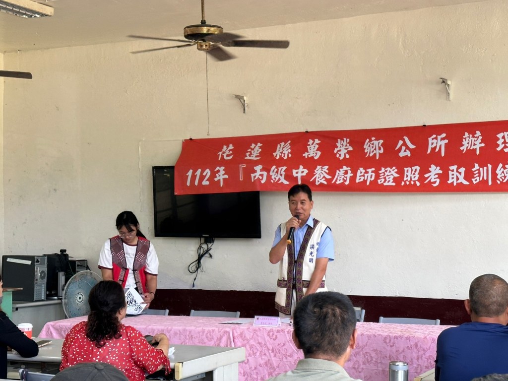 萬榮鄉丙級中餐廚師證照考取訓練課程正式開班!為培力餐飲人才,輔導鄉民發展餐飲事業,萬榮鄉公所辦理丙級中餐廚師證照考取訓練班計畫,昨(15)日辦理開訓典禮,為期近二個月。
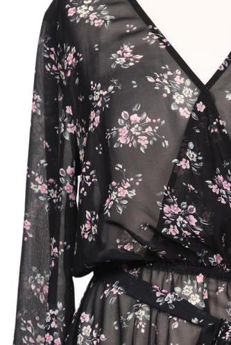 | Details | Chiffon, Langarm, Bindegürtel, Wickeloptik, V-Ausschnitt, Floral |
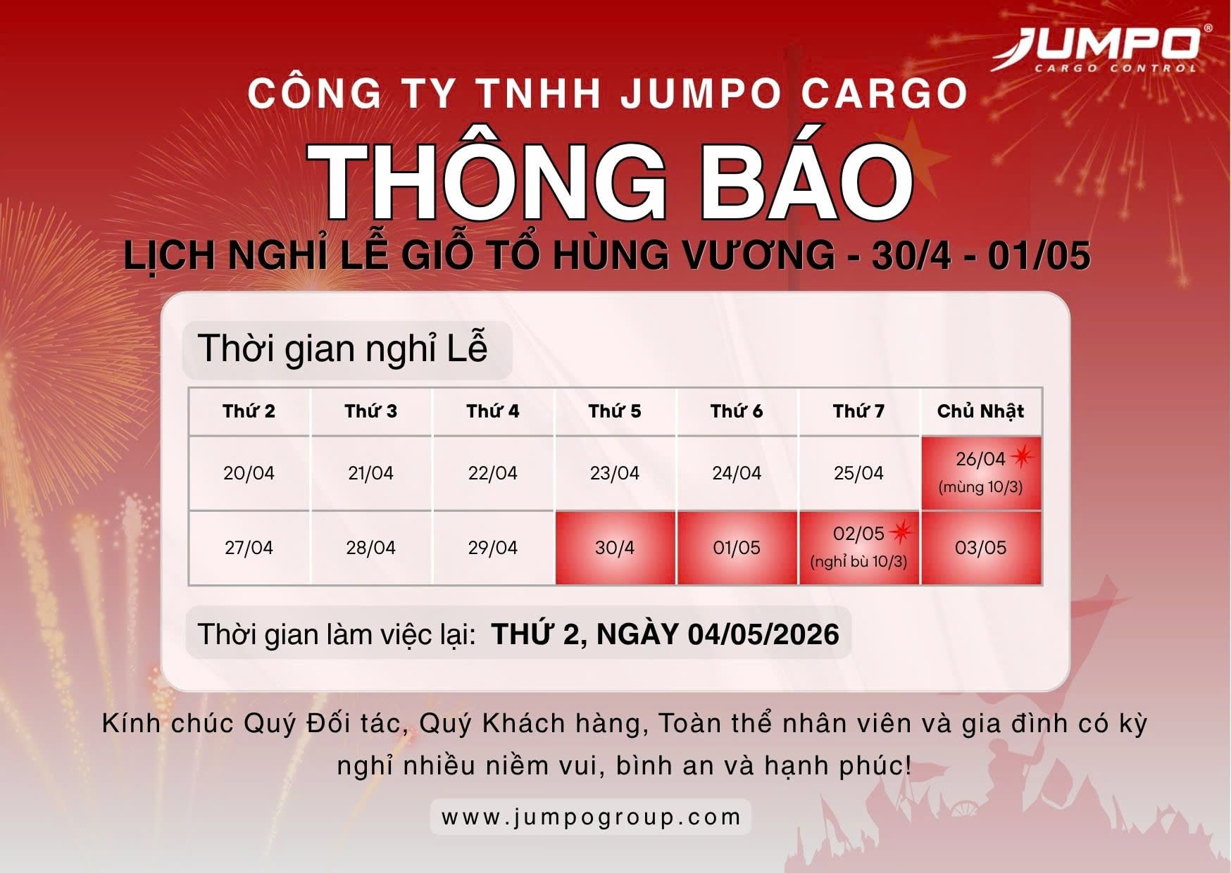 Công ty TNHH JUMPO CARGO xin trân trọng thông báo lịch nghỉ các ngày lễ sắp tới như sau:
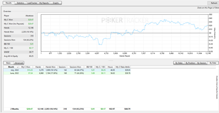 Доброго времени суток ! После майского апстрика на нл10, в июне я впав в жестокий тильт, за вечер залил весь банкролл на чико и взял 2х недельный перерыв от покера. После небольшого перерыва, немного почитав за психологию я вернулся за столы на нл2(там где банкролл уцелел)888poker. Подведу итоги игры за последних полтора месяца. Нл 2 уверенно бью с хорошим винрейтом. Нл 5 дается не так легко но все-же в плюс. Пару раз приходилось спускаться лимитом ниже.

Problem: Set the pictures aside and retype exactly the lines above from the line with "V-Ausschnitt, Floral |" to the line with "Công ty TNHH", both included, adding no others.

Exercise result:
 | Details | Chiffon, Langarm, Bindegürtel, Wickeloptik, V-Ausschnitt, Floral |
 Công ty TNHH JUMPO CARGO xin trân trọng thông báo lịch nghỉ các ngày lễ sắp tới như sau:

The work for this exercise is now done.